## Directions for this task
Beginning with the line that contains "Custom Face Xmas" and ending with the line that contains "Extra large gray", reproduce the lines of the entries below exactly, omitting pictures.

## Provided data
:::

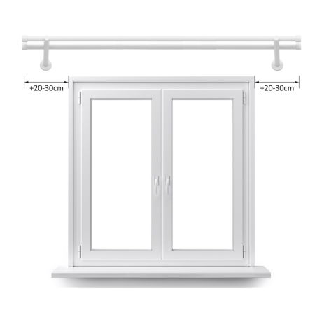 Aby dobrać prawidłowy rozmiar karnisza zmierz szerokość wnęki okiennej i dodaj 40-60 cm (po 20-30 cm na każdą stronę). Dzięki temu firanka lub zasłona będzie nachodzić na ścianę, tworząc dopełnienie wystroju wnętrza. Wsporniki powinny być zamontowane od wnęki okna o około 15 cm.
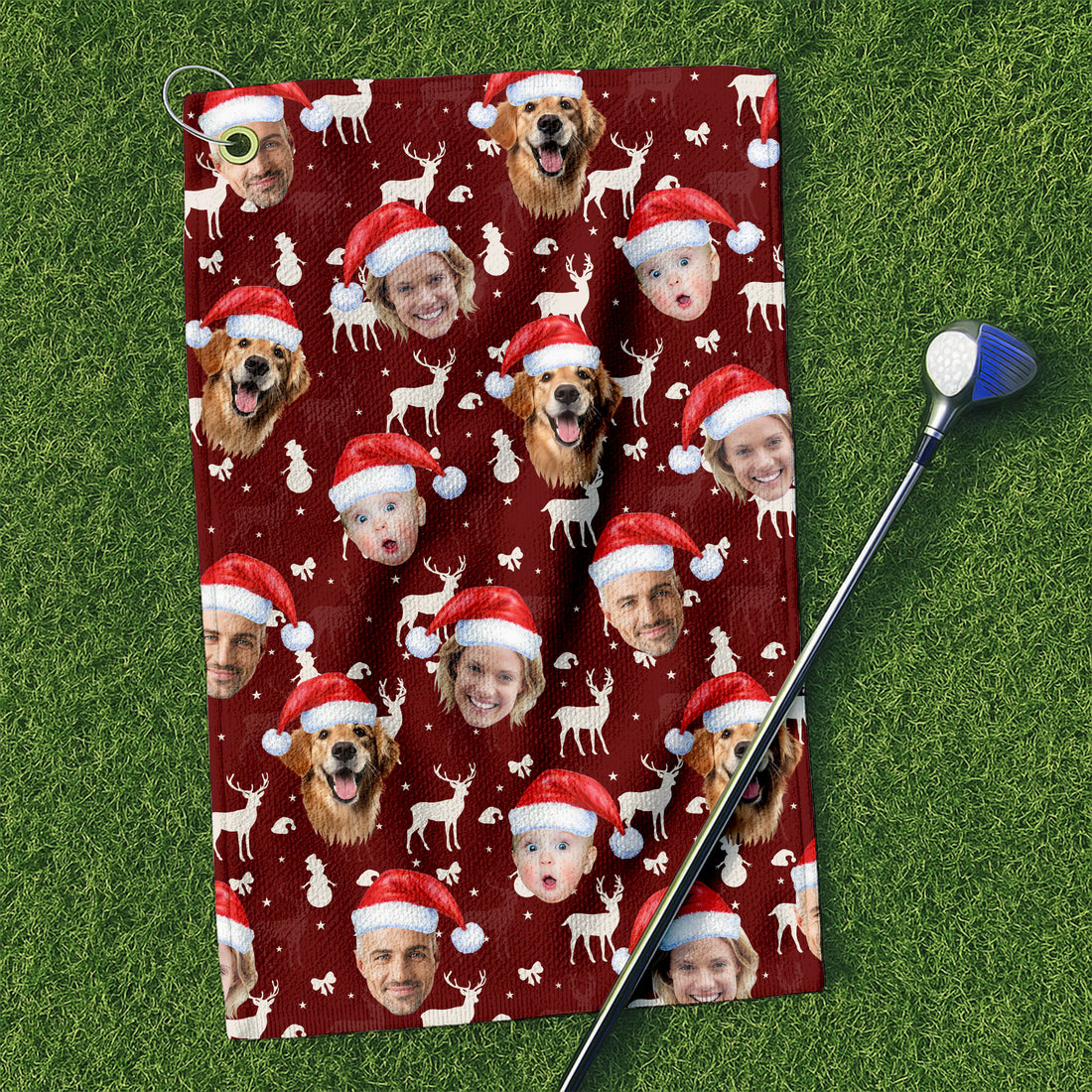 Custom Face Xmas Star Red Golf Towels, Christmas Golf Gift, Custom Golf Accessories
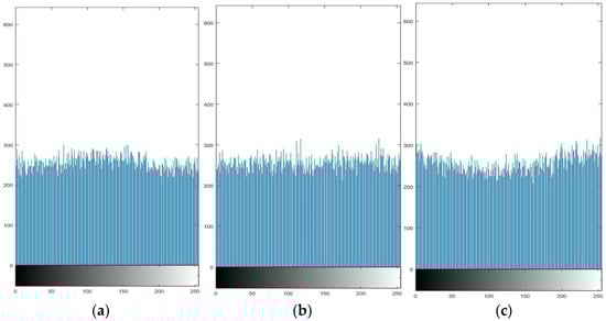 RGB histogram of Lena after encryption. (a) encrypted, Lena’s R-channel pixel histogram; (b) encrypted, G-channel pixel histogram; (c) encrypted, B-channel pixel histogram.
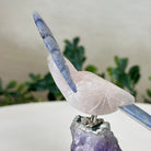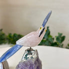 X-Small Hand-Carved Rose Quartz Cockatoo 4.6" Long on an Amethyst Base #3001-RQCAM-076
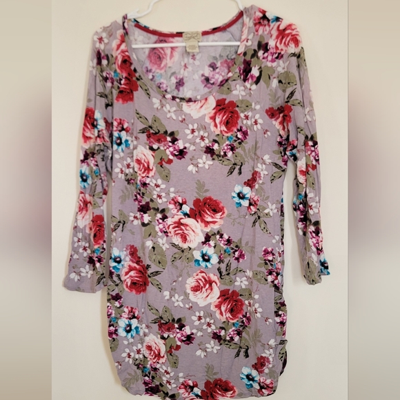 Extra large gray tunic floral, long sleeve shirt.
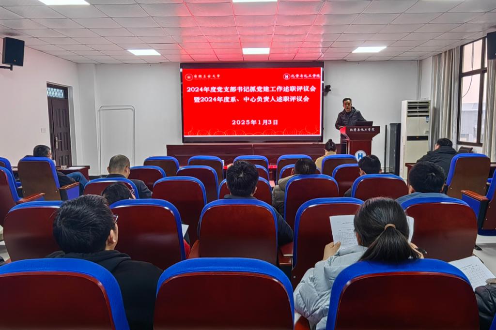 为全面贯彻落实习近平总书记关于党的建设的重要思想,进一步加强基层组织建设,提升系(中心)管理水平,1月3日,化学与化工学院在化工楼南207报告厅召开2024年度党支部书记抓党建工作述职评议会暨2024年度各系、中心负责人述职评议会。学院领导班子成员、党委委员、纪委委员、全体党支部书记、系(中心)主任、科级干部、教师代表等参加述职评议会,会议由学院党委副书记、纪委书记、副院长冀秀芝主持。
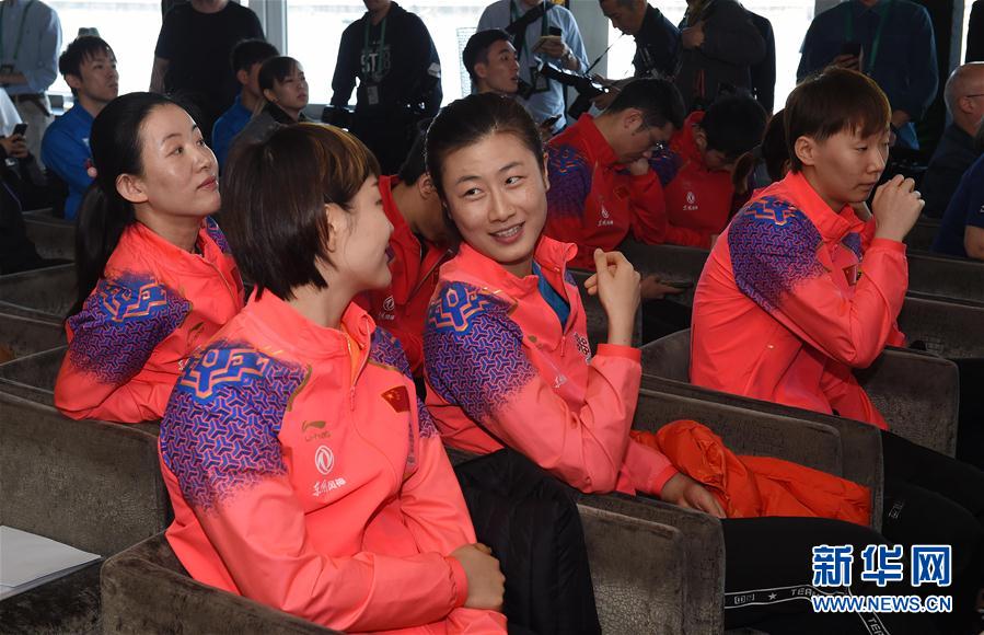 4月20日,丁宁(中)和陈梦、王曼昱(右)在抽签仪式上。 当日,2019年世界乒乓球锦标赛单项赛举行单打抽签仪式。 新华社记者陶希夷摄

:::

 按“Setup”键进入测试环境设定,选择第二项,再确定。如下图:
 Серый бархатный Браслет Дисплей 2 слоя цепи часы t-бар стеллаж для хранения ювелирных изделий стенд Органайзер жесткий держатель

:::

## Solution below
 Custom Face Xmas Star Red Golf Towels, Christmas Golf Gift, Custom Golf Accessories
 RGB histogram of Lena after encryption. (a) encrypted, Lena’s R-channel pixel histogram; (b) encrypted, G-channel pixel histogram; (c) encrypted, B-channel pixel histogram.
 X-Small Hand-Carved Rose Quartz Cockatoo 4.6" Long on an Amethyst Base #3001-RQCAM-076
 Extra large gray tunic floral, long sleeve shirt.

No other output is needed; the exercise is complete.